** Opening INPUT DATA block **
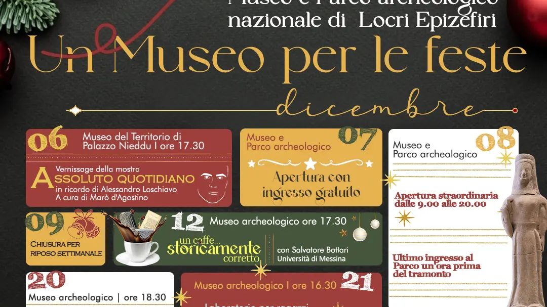 Anche per tutto dicembre e per il periodo festivo il Museo e Parco archeologico nazionale di Locri Epizefiri offrirà ai visitatori un calendario ricco di appuntamenti che contribuiranno ad animare il momento più suggestivo dell’anno con aperture straordinarie, mostre e i consueti laboratori che nascono da preziose collaborazioni con la comunità, le associazioni del territorio e le amministrazioni comunali.
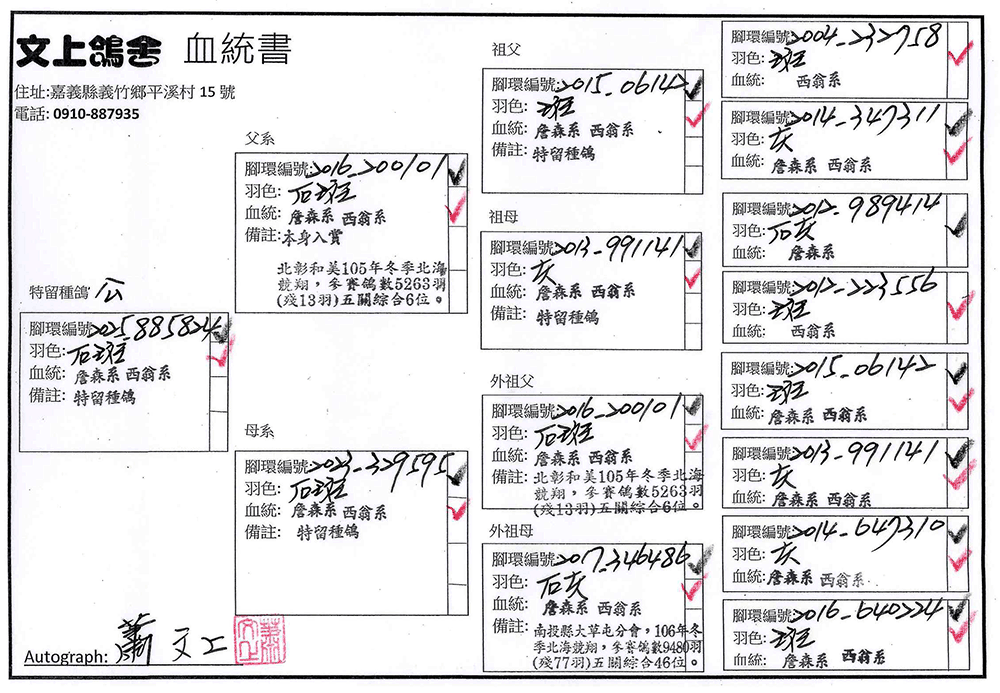 ▲父鴿、外祖父:2016-200101冬季北彰和美五關綜合6位
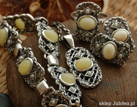 BAROCCO – srebrny komplet z bursztynem i perłami
** Closing INPUT DATA block **
> TASK DIRECTIONS
Restate each line above exactly, keeping pictures out.

> SOLUTION TO THIS EXERCISE
 Anche per tutto dicembre e per il periodo festivo il Museo e Parco archeologico nazionale di Locri Epizefiri offrirà ai visitatori un calendario ricco di appuntamenti che contribuiranno ad animare il momento più suggestivo dell’anno con aperture straordinarie, mostre e i consueti laboratori che nascono da preziose collaborazioni con la comunità, le associazioni del territorio e le amministrazioni comunali.
 ▲父鴿、外祖父:2016-200101冬季北彰和美五關綜合6位
 BAROCCO – srebrny komplet z bursztynem i perłami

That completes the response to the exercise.